PM: Education at tertiary level needs to be relevant

National, Normal
Source:

The National, Wednesday July 31st, 2013

 PRIME Minister Peter O’Neill said yesterday that the country must ensure that its tertiary education is relevant to the needs of Papua New Guinea today and tomorrow.

“We need degree and higher courses that reflect the needs of our economy, and are capable of meeting the future professional needs of our private sector as well as our public sector,” he told University of PNG students, academics and members of the public yesterday.

Speaking at the university he attended once, O’Neill said: “We also need new funding mechanisms that will ensure long term viability and sustainability.

“We also need to look at the success of the non-government, or non-taxpayer funded, tertiary sector, and embrace it, not see it as a threat.”

He praised the success of Divine Word and Seventh Day Adventist universities and said such examples ought to be replicated. 

“They are enhancing tertiary education and are doing so ina caring and wholly professional way – at minimum cost to the taxpayer,” he said.

“I am not opposed to private universities, funded and managed as businesses.
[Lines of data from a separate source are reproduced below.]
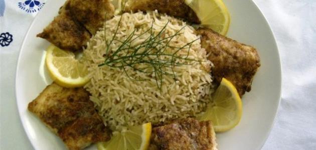 - نضع القليل من البصل المفروم والمشوّح بالزيت على سطح الأرز بعد نضجه، ونتركه على النار لمدّة خمس دقائق، ثمّ نسكبه في طبق التقديم، ونضع فوقه السمك المقلي، ونزيّنه بالبقدونس المفروم، والصنوبر المقلي، واللوز المقشّر والمقلي.
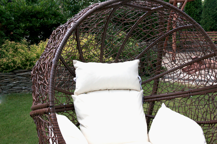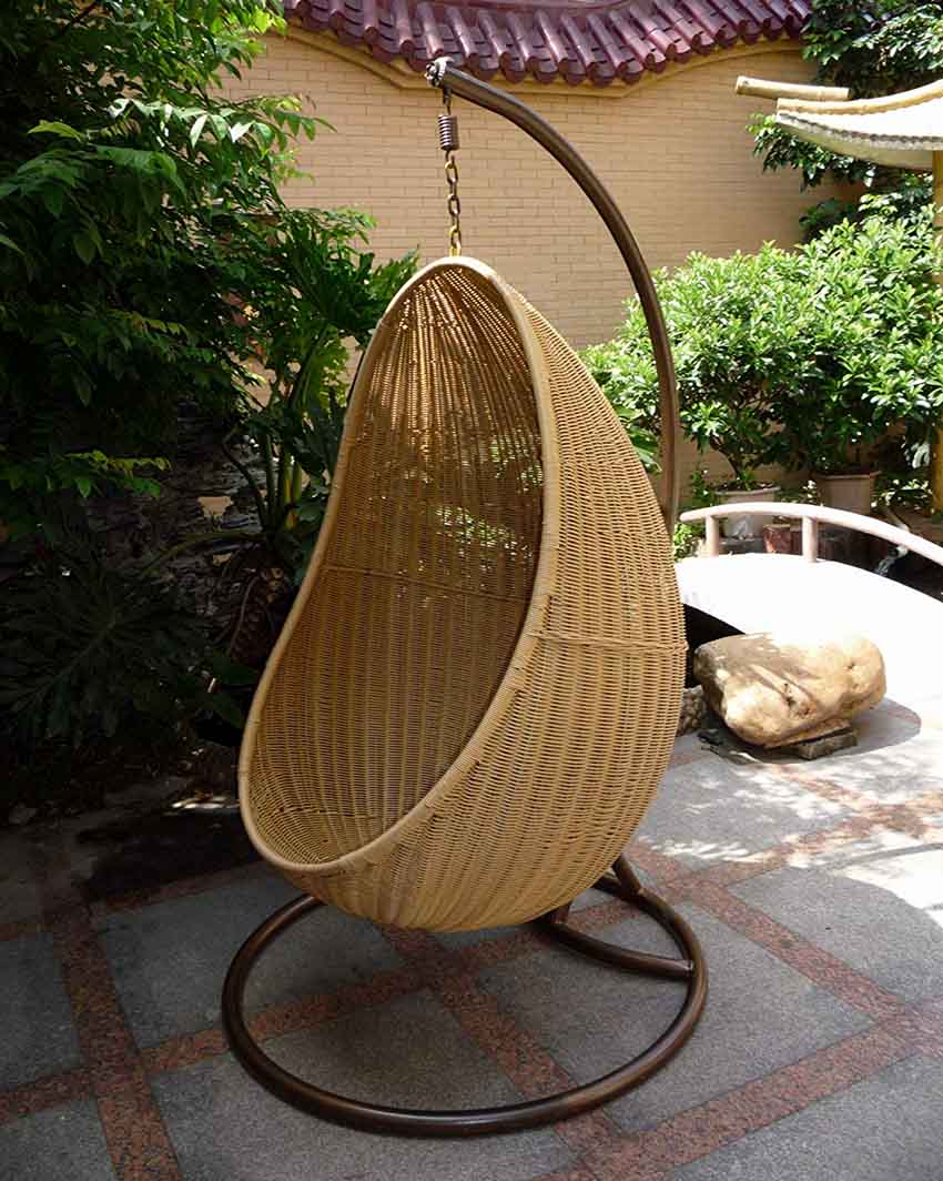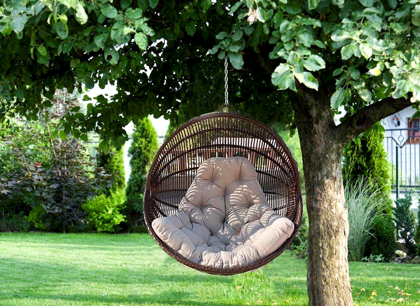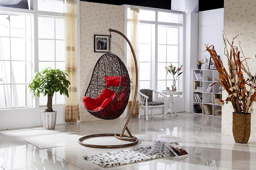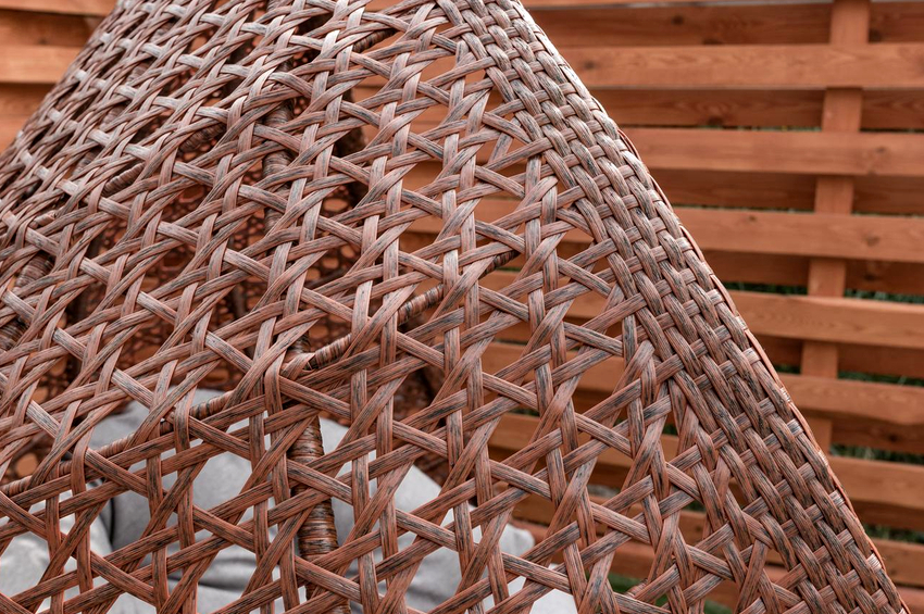 Ein beliebtes Material für die Herstellung von Hängesesseln ist künstliches Rattan, es hat keine Angst vor hoher Luftfeuchtigkeit und Sonnenlicht.
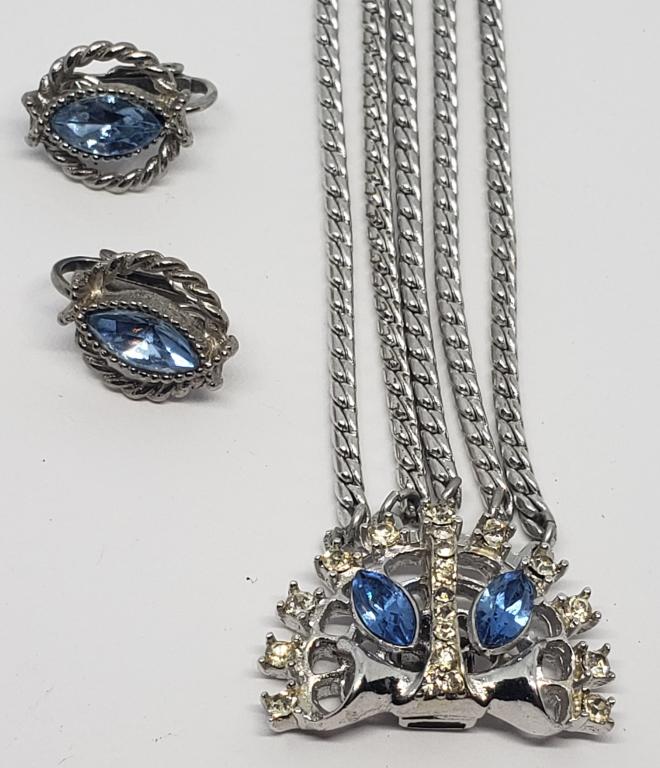 Vintage BSK Blue Aurora Borealis Rhinestone Silver Tone Necklace and Clip Earrings SetGolden Age Jewelry Auctions4.5(57)$6Mar 05, 2026

The Bond University on the Gold 

Coast is an example that could be looked at.

“I am also not opposed to – in fact I want to encourage – greater corporate investment in and participation in the redevelopment and future of our main universities.”
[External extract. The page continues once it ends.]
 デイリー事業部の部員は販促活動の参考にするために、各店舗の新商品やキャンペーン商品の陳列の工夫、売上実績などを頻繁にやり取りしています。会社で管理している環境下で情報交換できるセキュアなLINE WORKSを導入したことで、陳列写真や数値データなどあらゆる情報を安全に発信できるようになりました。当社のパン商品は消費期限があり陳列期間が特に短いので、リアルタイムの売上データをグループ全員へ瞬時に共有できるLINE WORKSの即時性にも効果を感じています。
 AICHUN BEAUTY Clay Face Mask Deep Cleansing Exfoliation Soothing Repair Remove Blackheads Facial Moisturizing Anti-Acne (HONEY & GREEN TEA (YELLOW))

 He said as our mining and gas resource sectors, the construction sector, and other sectors such as tourism and agriculture grew, there was a need to encourage these sectors, and companies participating in them, to contribute to university funding.

“I want our universities to form more partnerships with the private sector – for funding, resourcing, and enabling students to gain practical on the job experience during university studies,” he said.